### DATA EXCERPT
********
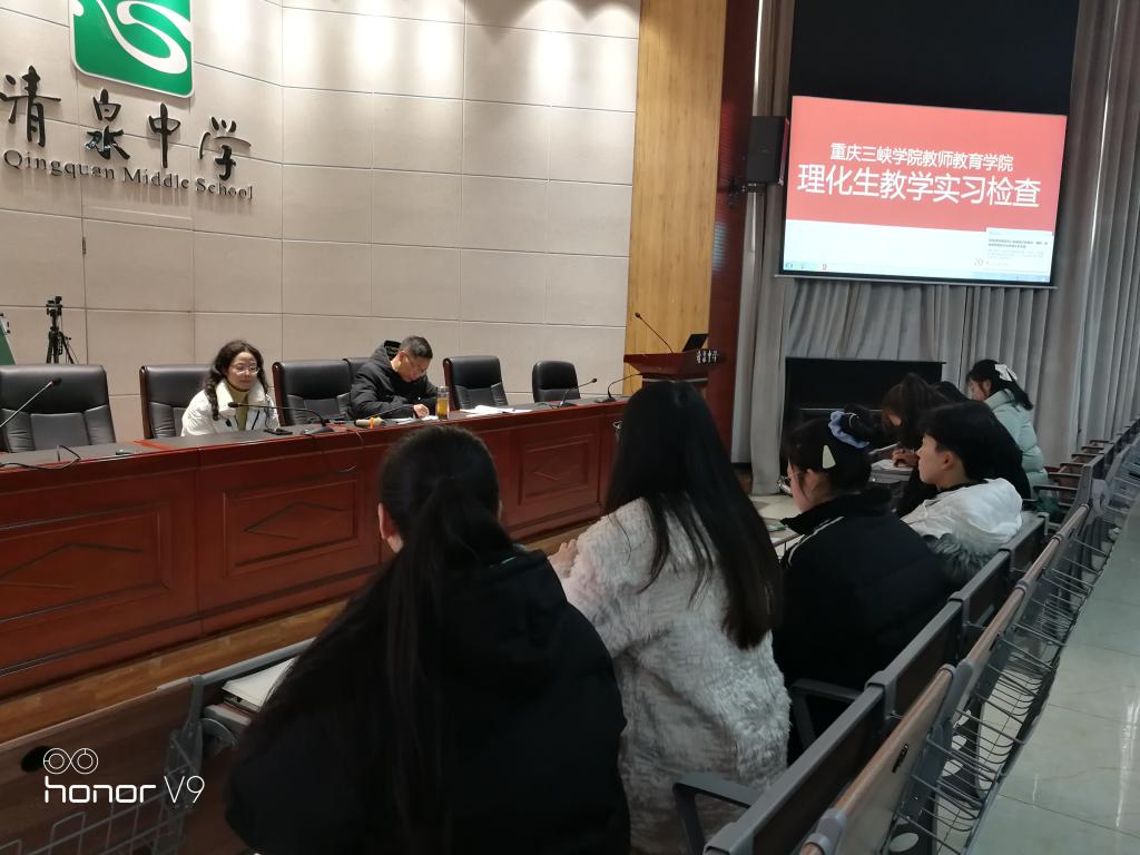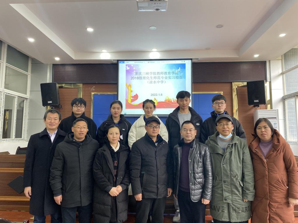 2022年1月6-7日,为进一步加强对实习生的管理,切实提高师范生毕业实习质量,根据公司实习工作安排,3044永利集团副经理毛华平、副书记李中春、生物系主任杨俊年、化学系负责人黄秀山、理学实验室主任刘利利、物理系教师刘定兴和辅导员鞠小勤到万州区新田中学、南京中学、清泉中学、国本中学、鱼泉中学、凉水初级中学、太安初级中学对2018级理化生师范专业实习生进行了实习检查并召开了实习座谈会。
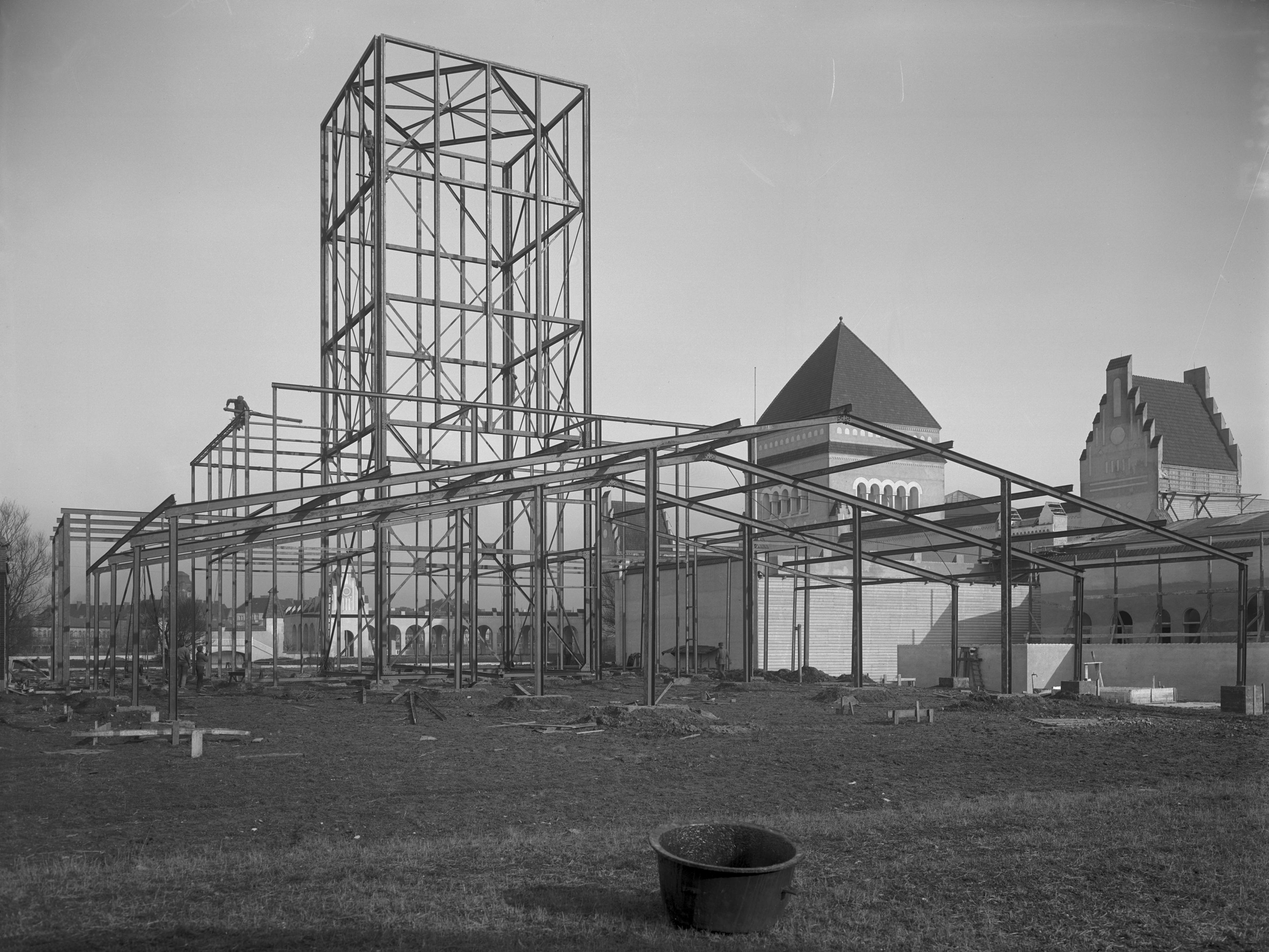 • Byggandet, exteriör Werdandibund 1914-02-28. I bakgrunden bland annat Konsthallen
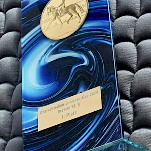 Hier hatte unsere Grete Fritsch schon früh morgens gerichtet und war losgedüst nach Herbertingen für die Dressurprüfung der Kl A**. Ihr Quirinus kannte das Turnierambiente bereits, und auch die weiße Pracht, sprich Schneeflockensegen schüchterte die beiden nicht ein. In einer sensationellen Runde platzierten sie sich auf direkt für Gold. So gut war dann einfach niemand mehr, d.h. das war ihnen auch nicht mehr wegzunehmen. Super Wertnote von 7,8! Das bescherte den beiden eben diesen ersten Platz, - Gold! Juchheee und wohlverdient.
********
Leave the images out and transcribe the remaining data above word for word.

 2022年1月6-7日,为进一步加强对实习生的管理,切实提高师范生毕业实习质量,根据公司实习工作安排,3044永利集团副经理毛华平、副书记李中春、生物系主任杨俊年、化学系负责人黄秀山、理学实验室主任刘利利、物理系教师刘定兴和辅导员鞠小勤到万州区新田中学、南京中学、清泉中学、国本中学、鱼泉中学、凉水初级中学、太安初级中学对2018级理化生师范专业实习生进行了实习检查并召开了实习座谈会。
 • Byggandet, exteriör Werdandibund 1914-02-28. I bakgrunden bland annat Konsthallen
 Hier hatte unsere Grete Fritsch schon früh morgens gerichtet und war losgedüst nach Herbertingen für die Dressurprüfung der Kl A**. Ihr Quirinus kannte das Turnierambiente bereits, und auch die weiße Pracht, sprich Schneeflockensegen schüchterte die beiden nicht ein. In einer sensationellen Runde platzierten sie sich auf direkt für Gold. So gut war dann einfach niemand mehr, d.h. das war ihnen auch nicht mehr wegzunehmen. Super Wertnote von 7,8! Das bescherte den beiden eben diesen ersten Platz, - Gold! Juchheee und wohlverdient.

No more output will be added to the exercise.